TEMPO.CO, Denpasar - Sejumlah kelompok musik ternama asal Bali seperti Navicula, Choki NTRL, dan Scared of Bumbs, terus konsisten menyuarakan penolakan reklamasi Teluk Benoa, dari panggung ke panggung.
Aksi panggung ketiga band ini kembali memeriahkan unjukrasa puluhan ribu massa penolak reklamasi, di Denpasar, Ahad 31 Juli 2016. Aksi itu menandai deklarasi dua desa adat di Denpasar yang secara resmi menolak reklamasi di Teluk Benoa, yakni Desa Sumerta dan Tanjung Bungkak.
Saat tampil di atas panggung mini, Robi vokalis Navicula mengatakan pemerintah tidak boleh mengabaikan aspirasi rakyat Bali menolak rencana reklamasi. Jumlah mereka yang menolak, dinilai Robi, terus bertambah. "Apabila usaha-usaha mempertahankan rumah kita dianggap sebagai kriminal, apabila pemerintah sudah tidak mendengarkan aspirasi rakyat, hanya ada satu kata: lawan!," kata Robi bersemangat disambut sorak sorai massa.
Sebelum Navicula membawakan lagu kedua berjudul 'Busur Hujan', Robi menuturkan bahwa gerakan perlawanan reklamasi Teluk Benoa ibarat serangkaian warna-warni yang menjadi satu. "Gerakan ini adalah gerakan yang paling bersejarah di Bali, kita semua harus bangga ada di gerakan ini," katanya.

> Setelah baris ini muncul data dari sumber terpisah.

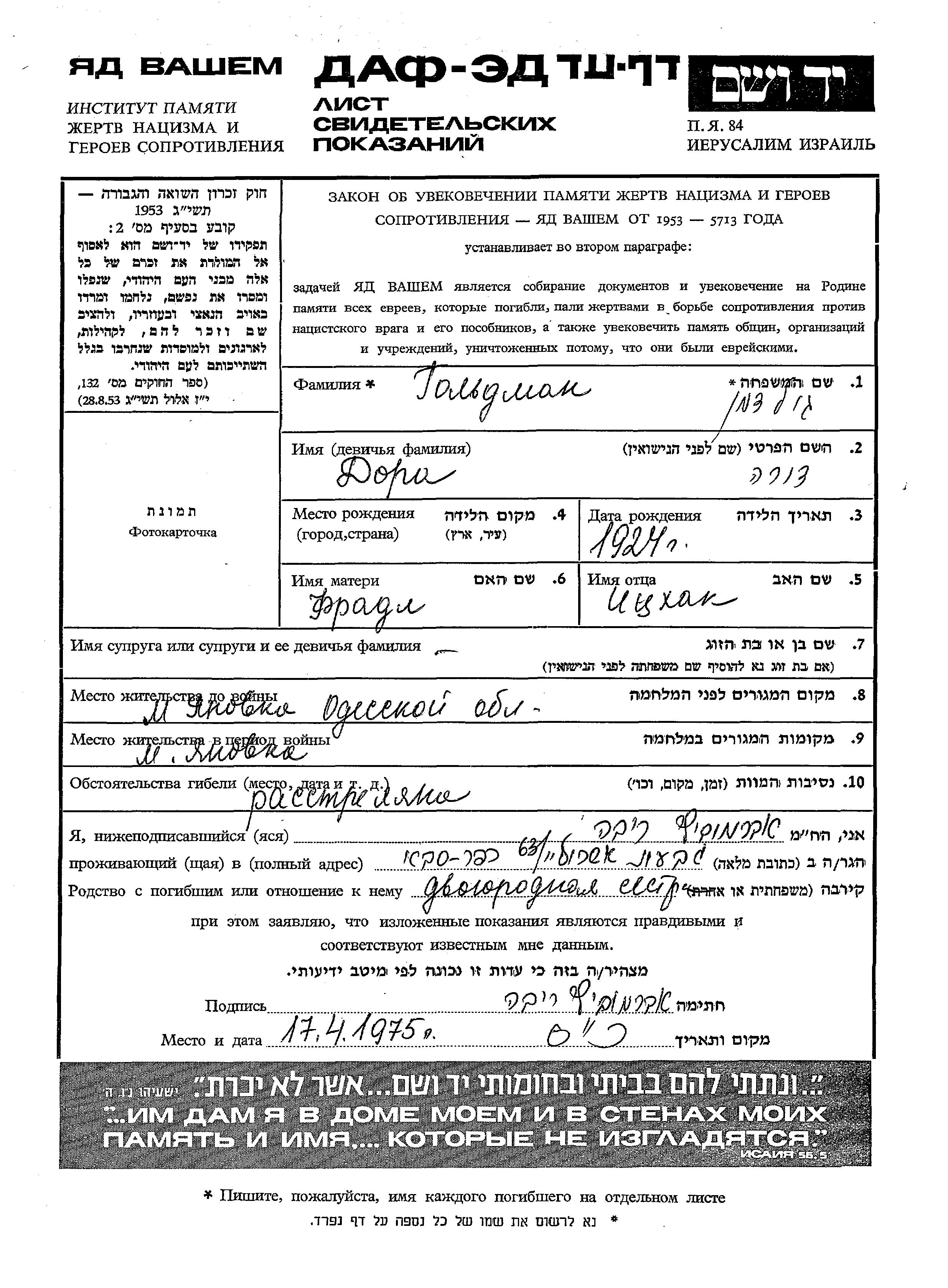 Гольдман Дора 1924 Яновка, Украина (СССР) Лист свидетельских показаний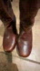 Lynnea II, chestnut brown leather, sheepskin fur lined, clog boots by UGG in a women's size 9. Style # 1001793. Mid calf boots but can be folded over. Wooden heels with rubber soles. Metal stud trim. The leather uppers have some distressed areas and some nicks. Interior lining is clean and fluffy. Pre-owned with some signs of wear from normal use.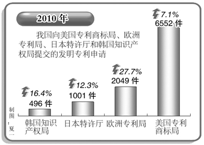 我国向美、欧、日、韩发明专利申请保持平稳快速增长
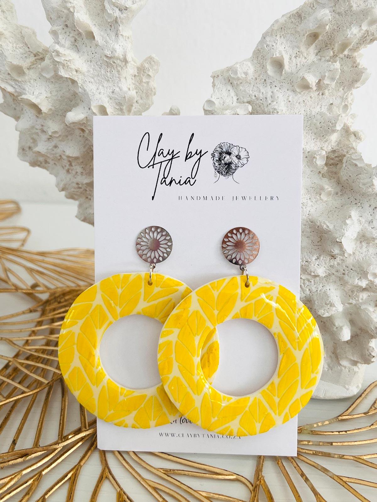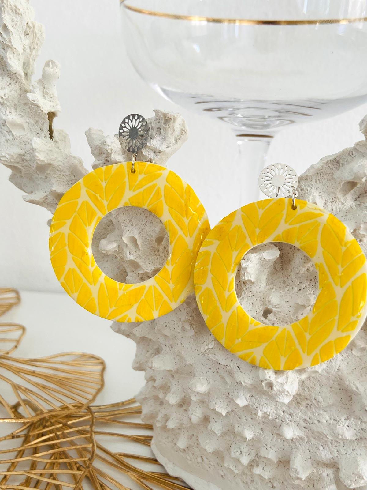 Colour/s: White, yellow, silver. Large leaf pattern circle drop with round silver stud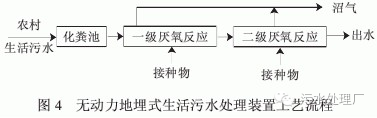 工藝流程為分離池-腐化池-酸化池-氧化池-排放。該工藝無(wú)動(dòng)力、低能耗、占地面積小、出水水質(zhì)好。但是化糞池存在清掏困難、產(chǎn)生惡臭氣體和堵塞管道等缺點(diǎn)。

Robi menjelaskan rakyat Bali yang menolak reklamasi Teluk Benoa bukanlah anti pembangunan. Tetapi, ujar dia, pembangunan yang didukung rakyat harus dilandasi rasa sayang terhadap lingkungan, manusia, dan bermanfaat bagi masa depan. "Reklamasi Teluk Benoa tidak punya tiga unsur itu. Kita bekerja mencari uang, tapi kita tidak mau dibeli untuk menjadi manusia yang konsumerisme," ujarnya.
Saat tiba gilirannya tampil di panggung, Navicula membawakan lima lagu, yaitu 'Mafia Hukum', 'Busur Hujan', 'Saat Semua Semakin Cepat Bali Berani Berhenti', 'Metropolutan' dan 'Bali Tolak Reklamasi'. Saat membawakan lagu Metropolutan dan Bali Tolak Reklamasi, gitaris grup musik NTRL, Choki didapuk tampil bersama Navicula.

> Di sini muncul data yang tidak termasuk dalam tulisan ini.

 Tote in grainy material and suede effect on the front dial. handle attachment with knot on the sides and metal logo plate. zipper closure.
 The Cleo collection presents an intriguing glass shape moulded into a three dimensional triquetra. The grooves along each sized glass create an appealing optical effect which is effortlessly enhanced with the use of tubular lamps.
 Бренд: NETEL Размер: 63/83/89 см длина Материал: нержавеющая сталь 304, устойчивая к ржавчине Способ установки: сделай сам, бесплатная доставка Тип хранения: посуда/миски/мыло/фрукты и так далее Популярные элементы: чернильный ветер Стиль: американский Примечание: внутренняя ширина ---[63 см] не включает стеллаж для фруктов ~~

Saat ditemui Tempo, Choki mengatakan bahwa ini adalah aksi kali pertama dirinya menolak reklamasi Teluk Benoa di Bali. "Kalau di Jakarta saya sering ikut aksi menolak reklamasi," katanya.
Istri Choki, Saras Dewi, adalah aktivis perempuan dan Ketua Program Studi Ilmu Filsafat, Universitas Indonesia. "Istri saya warga Desa Sumerta yang saat ini deklarasi tolak reklamasi," ujarnya.
Choki menilai gerakan perlawanan reklamasi yang sudah memasuki tahun keempat perlu dijaga agar jangan surut. Tantangan berupa penyebaran isu bahwa gerakan menolak reklamasi Teluk Benoa didanai pihak asing, juga bakal terus mengemuka. "Pesan saya, masyarakat terus berjuang, karena itu yang terpenting. Enggak usah peduli sama fitnah yang enggak penting itu," tuturnya.